Start of Data extract

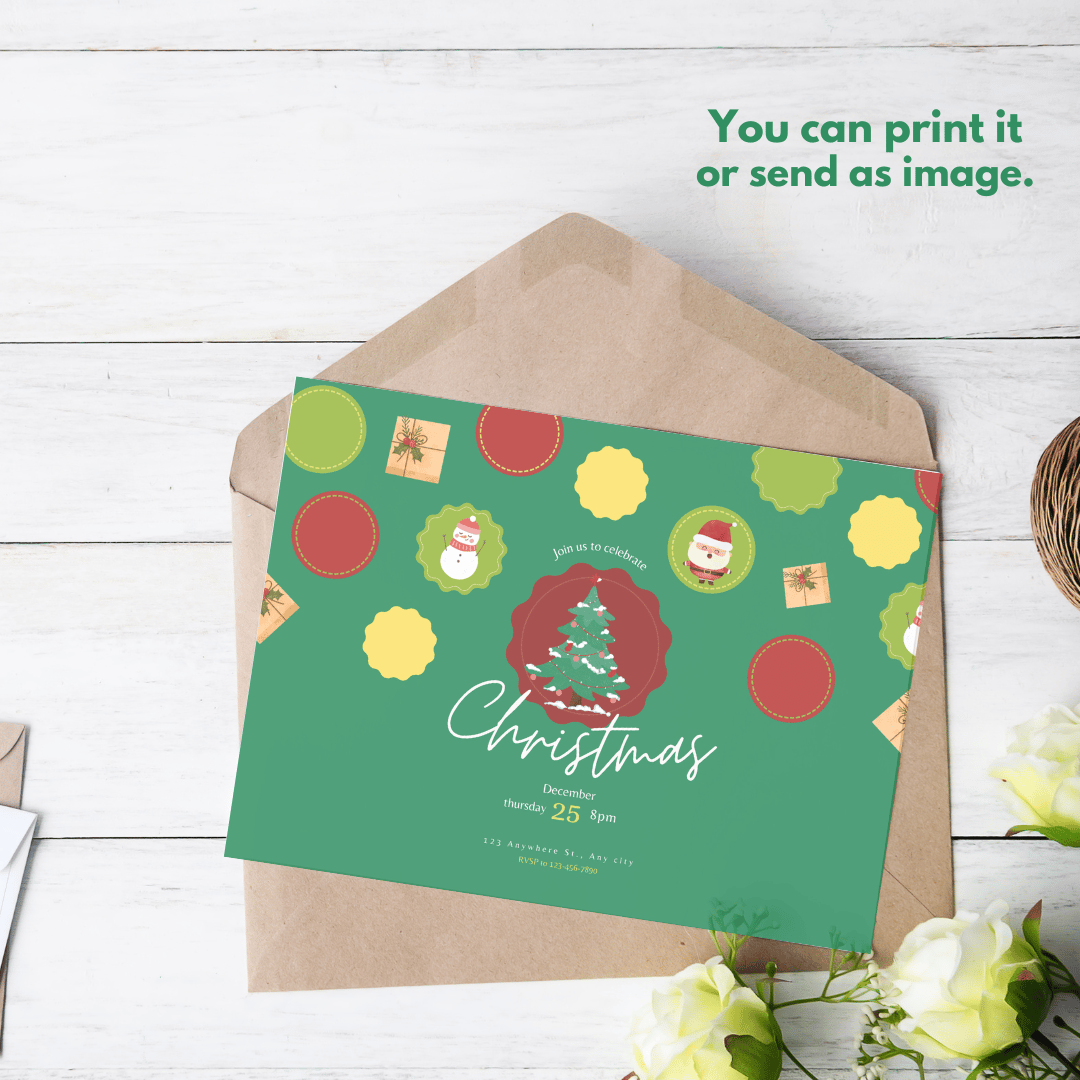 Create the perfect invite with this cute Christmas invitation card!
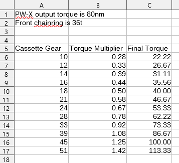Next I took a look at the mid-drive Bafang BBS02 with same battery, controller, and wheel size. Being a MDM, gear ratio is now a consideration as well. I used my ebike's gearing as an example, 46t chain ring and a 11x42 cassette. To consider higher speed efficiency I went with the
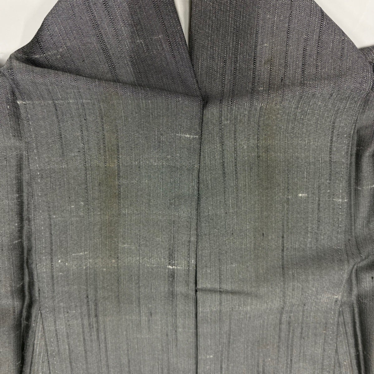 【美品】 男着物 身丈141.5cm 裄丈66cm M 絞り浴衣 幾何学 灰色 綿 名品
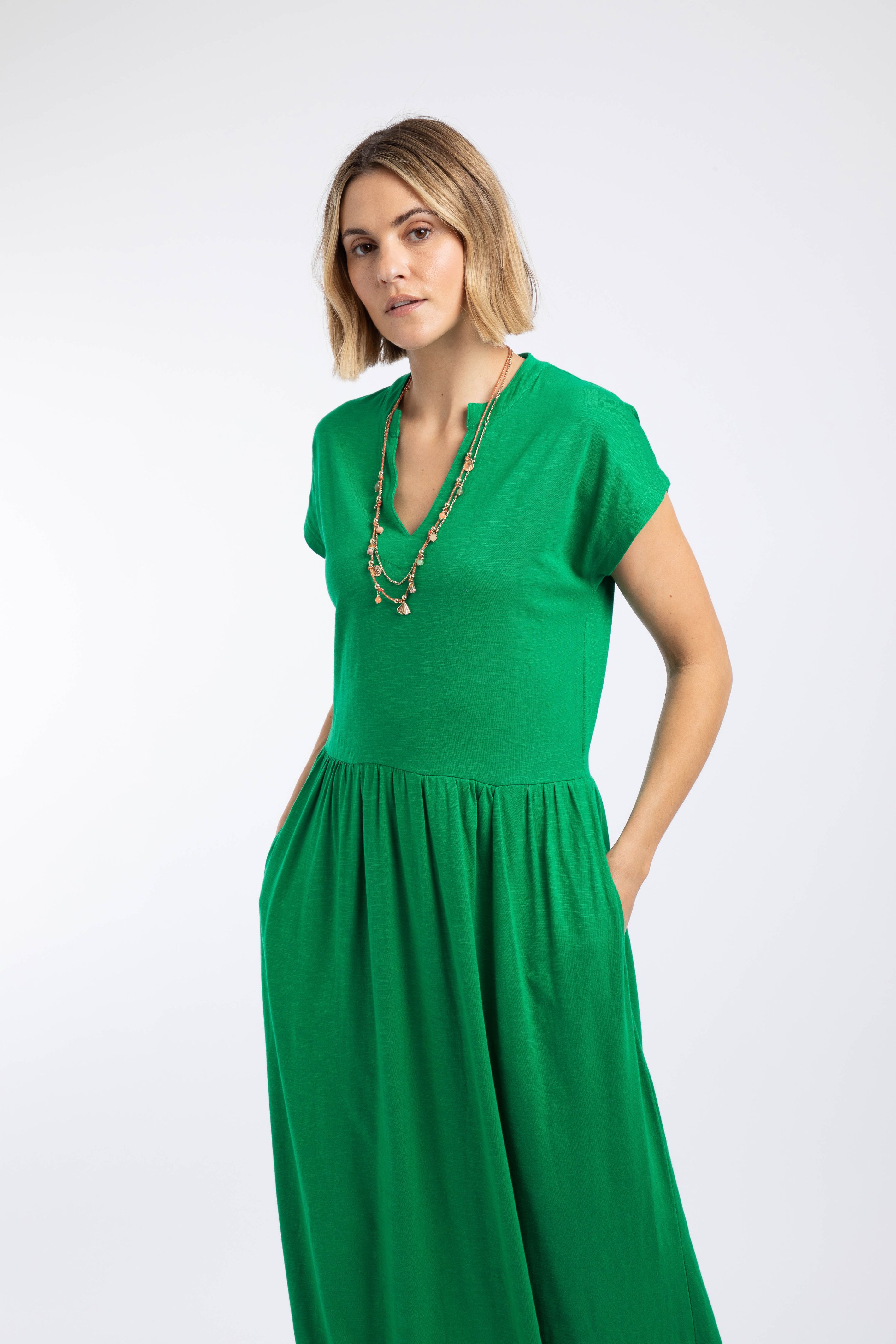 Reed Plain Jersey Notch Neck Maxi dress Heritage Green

End of Data extract

▶ [Problem requirements]:
The copy should match each line above exactly and contain no images.

▶ [Task response]:
 Create the perfect invite with this cute Christmas invitation card!
Next I took a look at the mid-drive Bafang BBS02 with same battery, controller, and wheel size. Being a MDM, gear ratio is now a consideration as well. I used my ebike's gearing as an example, 46t chain ring and a 11x42 cassette. To consider higher speed efficiency I went with the
 【美品】 男着物 身丈141.5cm 裄丈66cm M 絞り浴衣 幾何学 灰色 綿 名品
 Reed Plain Jersey Notch Neck Maxi dress Heritage Green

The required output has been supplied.